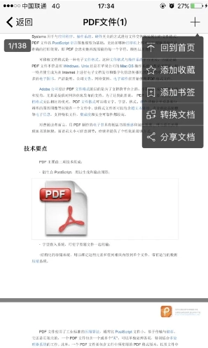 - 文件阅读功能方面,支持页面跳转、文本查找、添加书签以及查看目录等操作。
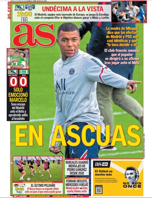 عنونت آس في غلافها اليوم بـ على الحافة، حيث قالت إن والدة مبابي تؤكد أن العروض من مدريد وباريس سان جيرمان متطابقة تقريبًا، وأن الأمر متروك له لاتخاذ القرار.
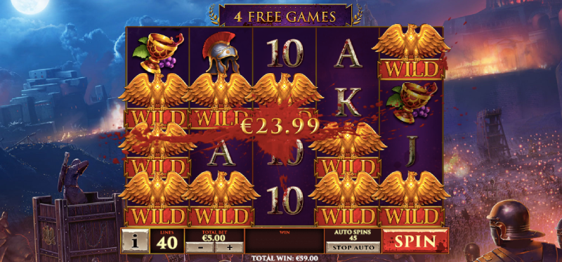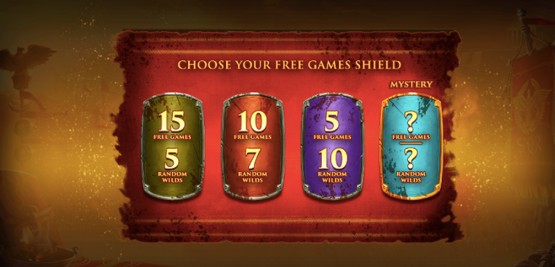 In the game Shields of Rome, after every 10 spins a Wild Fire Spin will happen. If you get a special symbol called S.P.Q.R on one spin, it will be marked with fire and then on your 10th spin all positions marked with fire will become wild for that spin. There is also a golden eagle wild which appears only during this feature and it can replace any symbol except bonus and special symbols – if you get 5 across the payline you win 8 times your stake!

=======

- [WHAT THIS TASK INVOLVES] Your copy should hold each line above exactly and no pictures at all.

- [EXERCISE OUTPUT]
 - 文件阅读功能方面,支持页面跳转、文本查找、添加书签以及查看目录等操作。
 عنونت آس في غلافها اليوم بـ على الحافة، حيث قالت إن والدة مبابي تؤكد أن العروض من مدريد وباريس سان جيرمان متطابقة تقريبًا، وأن الأمر متروك له لاتخاذ القرار.
 In the game Shields of Rome, after every 10 spins a Wild Fire Spin will happen. If you get a special symbol called S.P.Q.R on one spin, it will be marked with fire and then on your 10th spin all positions marked with fire will become wild for that spin. There is also a golden eagle wild which appears only during this feature and it can replace any symbol except bonus and special symbols – if you get 5 across the payline you win 8 times your stake!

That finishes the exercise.